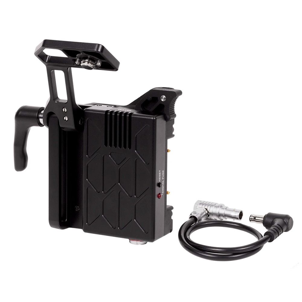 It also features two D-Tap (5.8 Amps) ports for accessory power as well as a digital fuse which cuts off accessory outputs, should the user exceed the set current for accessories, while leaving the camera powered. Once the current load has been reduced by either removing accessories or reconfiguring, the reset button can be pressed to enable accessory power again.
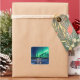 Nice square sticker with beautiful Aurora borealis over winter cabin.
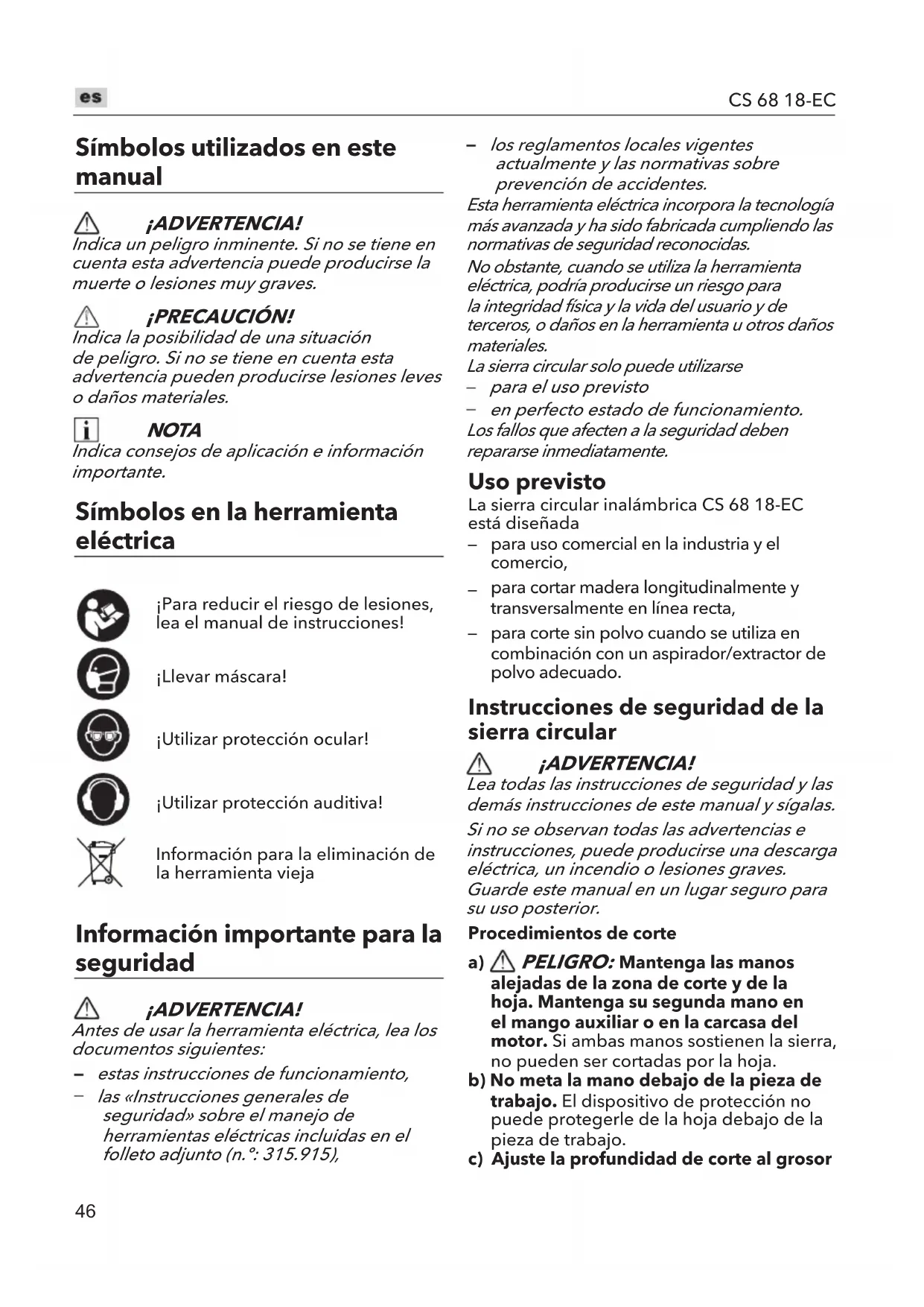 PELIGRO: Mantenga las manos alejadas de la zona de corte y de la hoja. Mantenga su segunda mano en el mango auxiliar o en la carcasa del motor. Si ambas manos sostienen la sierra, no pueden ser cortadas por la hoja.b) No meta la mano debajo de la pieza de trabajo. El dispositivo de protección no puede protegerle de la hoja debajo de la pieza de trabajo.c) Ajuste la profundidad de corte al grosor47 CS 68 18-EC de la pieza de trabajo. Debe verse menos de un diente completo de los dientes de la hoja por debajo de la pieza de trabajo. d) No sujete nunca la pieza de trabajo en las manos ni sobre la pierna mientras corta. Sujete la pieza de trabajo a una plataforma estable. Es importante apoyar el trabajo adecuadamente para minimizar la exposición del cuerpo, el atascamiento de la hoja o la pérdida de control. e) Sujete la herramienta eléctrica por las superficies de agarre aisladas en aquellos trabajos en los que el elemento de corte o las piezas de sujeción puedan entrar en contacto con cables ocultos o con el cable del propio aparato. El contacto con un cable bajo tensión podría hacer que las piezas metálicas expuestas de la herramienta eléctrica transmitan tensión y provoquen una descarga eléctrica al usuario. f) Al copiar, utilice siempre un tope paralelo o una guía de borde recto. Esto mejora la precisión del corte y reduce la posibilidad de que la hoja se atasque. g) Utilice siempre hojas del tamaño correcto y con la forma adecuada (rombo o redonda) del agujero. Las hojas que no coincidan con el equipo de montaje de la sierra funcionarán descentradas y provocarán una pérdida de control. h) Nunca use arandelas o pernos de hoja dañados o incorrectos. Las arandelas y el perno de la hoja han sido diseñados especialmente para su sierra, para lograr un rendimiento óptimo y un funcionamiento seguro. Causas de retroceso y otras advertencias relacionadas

▬▬▬

▶ [Work request] Repeat, exactly and in full, each line from the start of the data to the line that contains "Nice square sticker". Pictures do not go in.

▶ [Result for this exercise]
 It also features two D-Tap (5.8 Amps) ports for accessory power as well as a digital fuse which cuts off accessory outputs, should the user exceed the set current for accessories, while leaving the camera powered. Once the current load has been reduced by either removing accessories or reconfiguring, the reset button can be pressed to enable accessory power again.
 Nice square sticker with beautiful Aurora borealis over winter cabin.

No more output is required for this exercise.